Carla Harvey and Heidi Shepherd of Butcher Babies. | Sven Mandel / CC-BY-SA-4.0


American groove metal band Butcher Babies contains two female vocalists: Carla Harvey and Heidi Shepherd. The band gained fame from their theatrical performances, self-written comic book, and online videos, but what makes them stand out is the frontwomen. Harvey and Shepherd take turns singing and screaming on “Lilith,” track two of the 2017 album by the same name. Both ladies explained that as children, they had to look up to men in the metal community because they didn’t know of any women who screamed. But over time, so many women have joined the scene that they now surround themselves with vocalists as revolutionary as themselves. The band has received a lot of hate from the metal community, usually centering on the sexualization and discrimination of women, but both Harvey and Shepherd have stood their ground and not let the sexist criticism affect their work or their attitudes.

A blonde woman shouts into a microphone close up with a purple light behind her.
Laura Guldemond of Burning Witches. | Stefan Bollmann, Attribution, via Wikimedia Commons


Burning Witches, a swiss power metal band, is a special case where all five members are women. In 2019, Laura Guldemond replaced Seraina Telli as the singer, leading the girls with a voice uncanny to Judas Priest’s Rob Halford. On “The Witch of the North,” the powerful intro picks up the tempo with a classic-metal-inspired belt from Guldemond, setting the standard for the band’s new witch. Guldemond doesn’t actually scream, yet she incorporates elements from heavier vocal styles to produce her throaty-growling falsetto. And to come full circle, Guldemond even offers Skype vocal coaching for all styles of singing and genres of music.

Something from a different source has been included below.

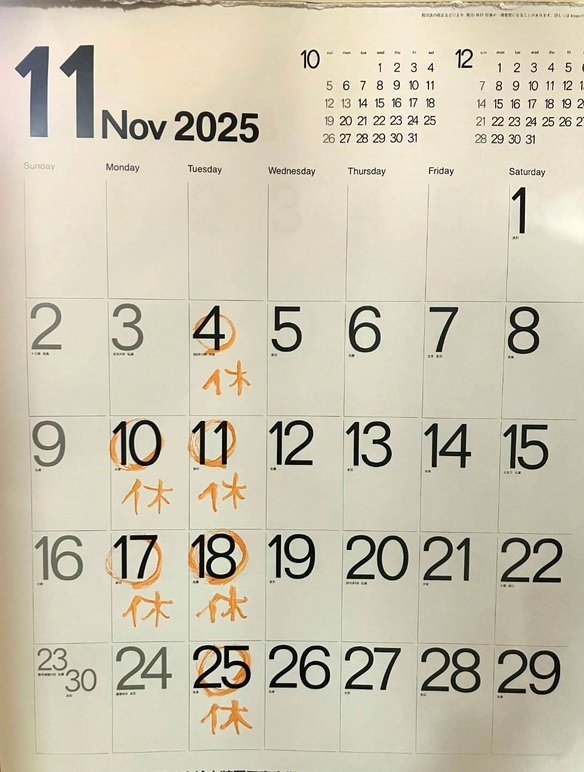 11月のお休みです。

: A girl in braids sings into a microphone on a black set, wearing all black.
Tatiana Shmailyuk of Jinjer. | Stefan Bollmann, Attribution, via Wikimedia Commons


Ukrainian Progressive metal band Jinjer hails Tatiana Shmailyuk as lead vocalist. Usually mistaken for a man’s gutturals, Shmailyuk’s voice is inhuman. She first heard screaming from nu-metal bands Otep and Mudvayne, both of which she tried to imitate by screaming out the car window or into her pillow in her parent’s house. She claims that she taught herself a special technique over years of practice, which she won’t share due to impatience and the belief that it only works for her. She even guessed that her habit of frequent smoking might contribute positively to her insane growls. She called the switch from clean singing to screaming the “technique of two throats,” which took her years to master. This is demonstrated in the songs “Words of Wisdom,” as well as “Sit Stay Roll Over.” The 2021 album Wallflowers continues to prove the perfected duality of Shmailyuk, her wild voice forever evolving.


A blue-haired woman looks angry while holding a microphone and leaning forward. The photo fades into white from possible smoke.
Alissa White-Gluz of Arch Enemy | © Stphotography, CC BY-SA 4.0 <;, via Wikimedia Commons


One of the most famous female-led metal bands is Arch Enemy. Fronted by Alissa White-Gluz, she usually growls to melodic death metal, and recently power metal, but sometimes interjects with clean vocals. White-Gluz left The Agonist (mentioned earlier) when offered the role in the Swedish band Arch Enemy. She has explained her screaming technique as an amplified whisper, a method not commonly used, as it can be easy to damage your voice. On “The World Is Yours,” she masters bending the pitch of her screams to create harmony in the madness. Known for her striking blue hair and primitive vocals, White-Gluz has become a female icon in the metal community.

Thousands of other female metal vocalists are excelling and transcending the male-led metal stereotype. Bands like Lacuna Coil, New Years Day, Spiritbox, In This Moment, Halestorm, and even YouTubers like Lauren Babic and Ai Mori (RUS) are breaking the genre’s conventions. These vocalists and many more prove that women can scream as well as men – if not better.